Thanks much for your fast reply. First, let me mention that this is my first try making mortises with a router. My preference is cutting them by hand but the plans I'm using call for all mortises be made using templates. Anyway you'll see from the photos that I'm an amateur. While the mortise looks crude, if I place the metal router template in the wooden template there is hardly any play. I'm sure you'll have more questions which I'll be glad to answer. Again, thanks for your interest and time. MAC


----------



## Coopfab (2 mo ago)

Two more pics. Thanks. Michael


----------



## old55 (Aug 11, 2013)

Welcome to the forum @Coopfab


----------



## bob vaughan (2 mo ago)

If your router bit seems pretty much in the center of the template guide, then I suspect that the router's build isn't rigid enough to hold true under load.. The mortise looks like the bit is deflecting under load to the side that looks pretty shredded. It sure looks like you're doing everything right but maybe your router isn't.

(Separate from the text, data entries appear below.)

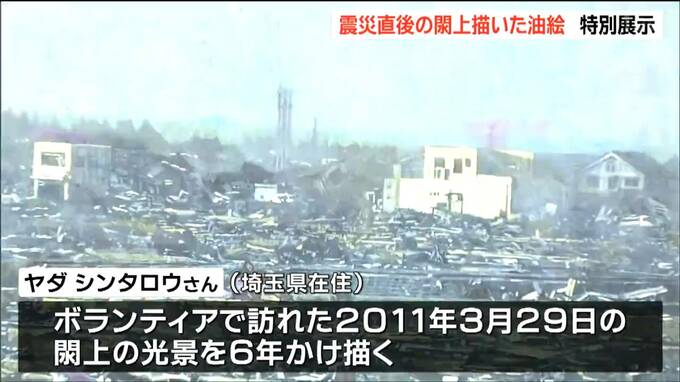 東日本大震災の発生から15年を迎えるのに合わせ、大きな被害を受けた宮城県名取市閖上で、津波の記憶を描いた油絵が展示されています。
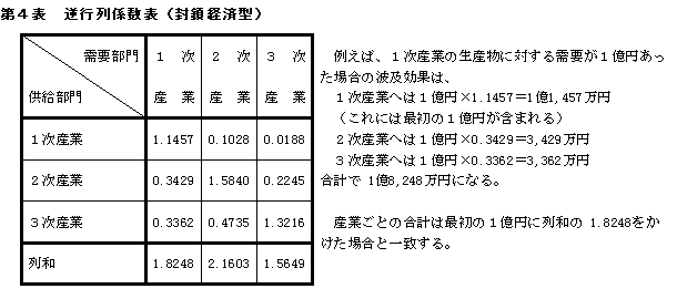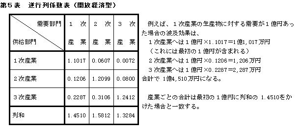 投入係数を使用して計算した波及の倍率が逆行列係数である。県内生産物に対する1単位の需要が直接・間接に引き起こす各産業の生産量(生産額)の大きさ(倍率)を表す。
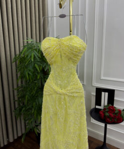 تألقي بإطلالة تخطف الأنظار مع هذا الفستان الأصفر الطويل المصمم بأناقة فائقة. يتميز الفستان بتصميم مكشوف الأكتاف (سترابلس) وقصة ضيقة تبرز جمال القوام، مع تفاصيل ترتر لامع يضفي لمسة فاخرة وبراقة. الفستان مصنوع من قماش دانتيل مزخرف، ويتميز بذيل ناعم يلامس الأرض لمزيد من الرقي. مثالي لحفلات السهرة والمناسبات الفاخرة مثل الخطوبة أو الزفاف أو حفلات التخرج
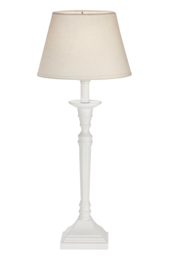 Lampunjalka valkoista polyresiiniä, korkeus 42 cm, leveys 10 cm. E14, enintään 40 W. 1,8 m:n liitäntäjohto, jossa katkaisin. Soikea varjostin, halkaisija 20/13 cm, korkeus 14 cm. Valkoista laminoitua pellavakangasta. Kokonaiskorkeus 49 cm.
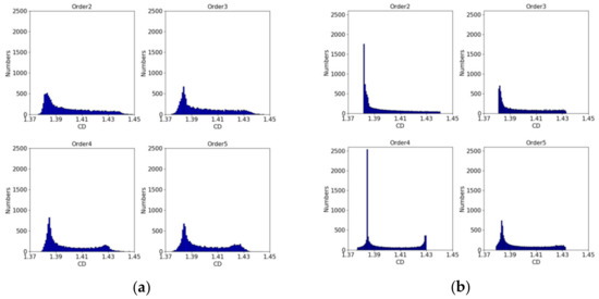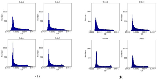 The distributions of the probability density functions of the drag coefficients are plotted with variation of the order in
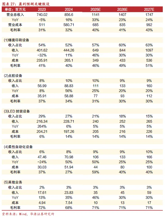 点胶设备业务:公司积极拓展原有主业的后道环节点胶设备,前期处于投入整合期,2024年开始该业务板块收入快速增长,我们预计2025-2027年点胶设备业务收入分别同比增长25%/20%/20%,毛利率分别为31%/30%/30%;
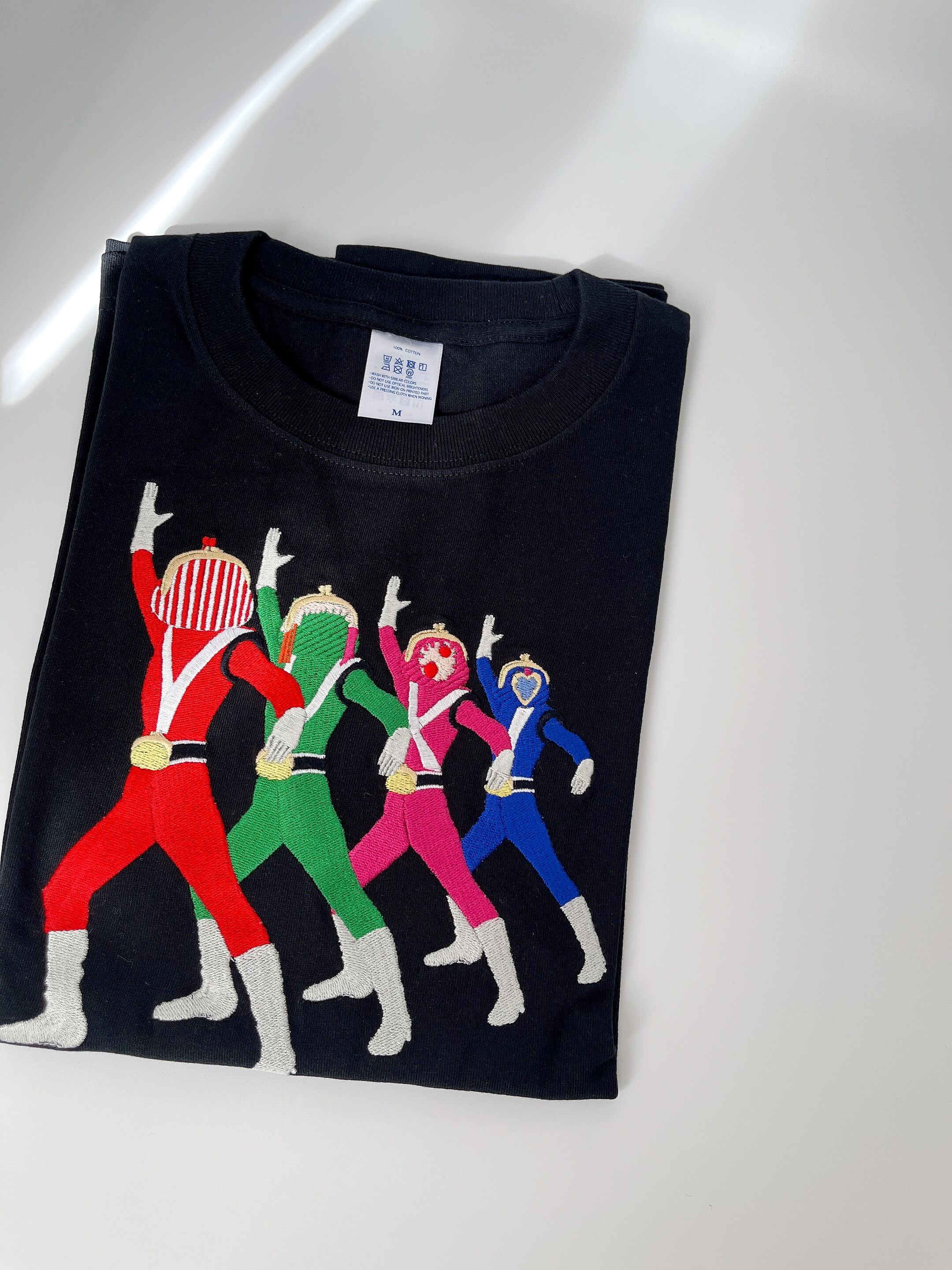 【Mサイズ】総刺繍!!がま口戦隊ロングスリーブTシャツ(ブラック)

A plunge base may alleviate the problem if light depth cuts are made.


----------



## jw2170 (Jan 24, 2008)

Welcome to the forum, Coopfab.
How do you have the template fixed to the workpiece?


----------



## Coopfab (2 mo ago)

Thanks for all your suggestions and comments. I'll be able to get back to it once the Thanksgiving holiday is over. To you who are in the US celebrating the holiday, Happy Thanksgiving! I'll touch base again in a few days. Michael


----------



## Terry Q (Mar 2, 2017)

I use a plunge router and use it just like a mortiser where you plunge the bit, move over, plunge again and repeat until you get to the end. At the end you run the bit in the mortise to clean up up but you are only taking a little off at that point so it will route easily.


----------



## Coopfab (2 mo ago)

Thanks again for your suggestions. Terry Q. I haven't tried this yet but will. I decided to start from scratch and the results are better. A made a new template after sharpening the mortise and chisel. With my plunge router I made several shallow cuts rather than cutting the final 3/4 " depth all at once. You'll see from the attached picture, for this trial mortise I have it locked in my bench and the template is screwed to the maple base. The mortise is still slightly off but I guess I'm going to have to live with ~ 1/64" discrepancy. I wish the inside faces of the plywood mortise were less jagged but maybe they'll improve with making more of them. Again, thank you all for your interest, your help saved the day. Regards.


----------



## bfblack (May 2, 2012)

It looks like your router base is not fully supported since you jig is close to the edge of the template stock. I have successively used this technique on many projects. How did you make the template? I make my templates using the router table with a fence and get very good results. I use floating tenons so I make mortises on both mating pieces. This approach eliminates the need for squaring the ends.


----------



## bob vaughan (2 mo ago)

That sounds like the ticket.
Years back I did a template for Soss hinges and ended up making a platform that fully supported the base.


----------



## Coopfab (2 mo ago)

Terry Q said:


> I use a plunge router and use it just like a mortiser where you plunge the bit, move over, plunge again and repeat until you get to the end. At the end you run the bit in the mortise to clean up up but you are only taking a little off at that point so it will route easily.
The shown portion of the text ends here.